• Assignment
For every line below, restate it exactly and drop the images.

• Collected material
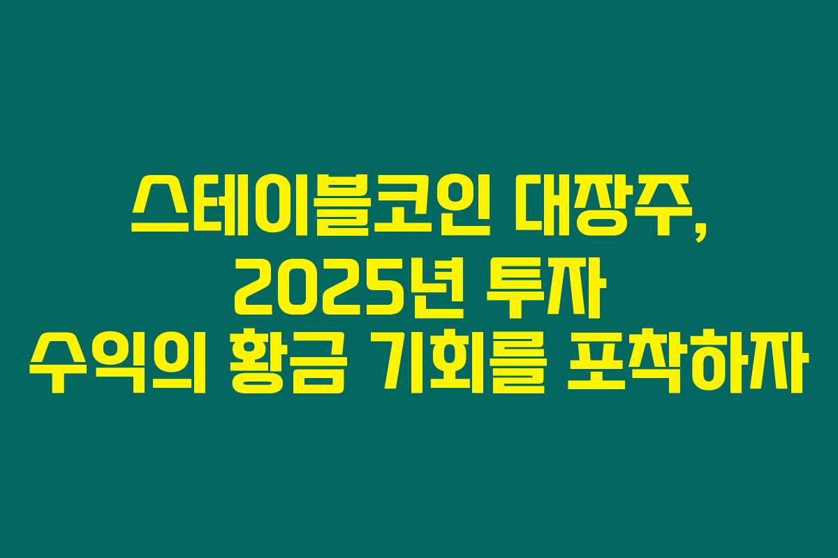 제가 직접 리서치해본 바로는, 스테이블코인이 2025년 금융 시장에서 큰 상승세를 보일 것으로 예상되며, 이에 따라 관련 대장주들이 주목받고 있습니다. 스테이블코인의 특성과 투자 기회를 알고 싶으시다면, 아래를 읽어보시면 많은 도움이 될 것입니다.
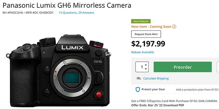 The LUMIX GH6 will be available at valued channel partners for $2,199.99 (body only) and $2,799.99 (body + L-kit package) in mid-March.
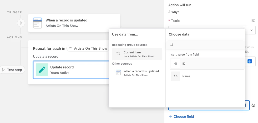 Normally, I would insert the current value of "Years Active" followed by a comma and then "2024." However, the only two fields I can insert are the record ID and name field. This seems to be a limitation of working within a Repeating Group. I'm hoping someone smarter than I can figure out a different way to approach this issue, or point out what I'm doing wrong. Thanks for reading!

• Written response
 제가 직접 리서치해본 바로는, 스테이블코인이 2025년 금융 시장에서 큰 상승세를 보일 것으로 예상되며, 이에 따라 관련 대장주들이 주목받고 있습니다. 스테이블코인의 특성과 투자 기회를 알고 싶으시다면, 아래를 읽어보시면 많은 도움이 될 것입니다.
 The LUMIX GH6 will be available at valued channel partners for $2,199.99 (body only) and $2,799.99 (body + L-kit package) in mid-March.
 Normally, I would insert the current value of "Years Active" followed by a comma and then "2024." However, the only two fields I can insert are the record ID and name field. This seems to be a limitation of working within a Repeating Group. I'm hoping someone smarter than I can figure out a different way to approach this issue, or point out what I'm doing wrong. Thanks for reading!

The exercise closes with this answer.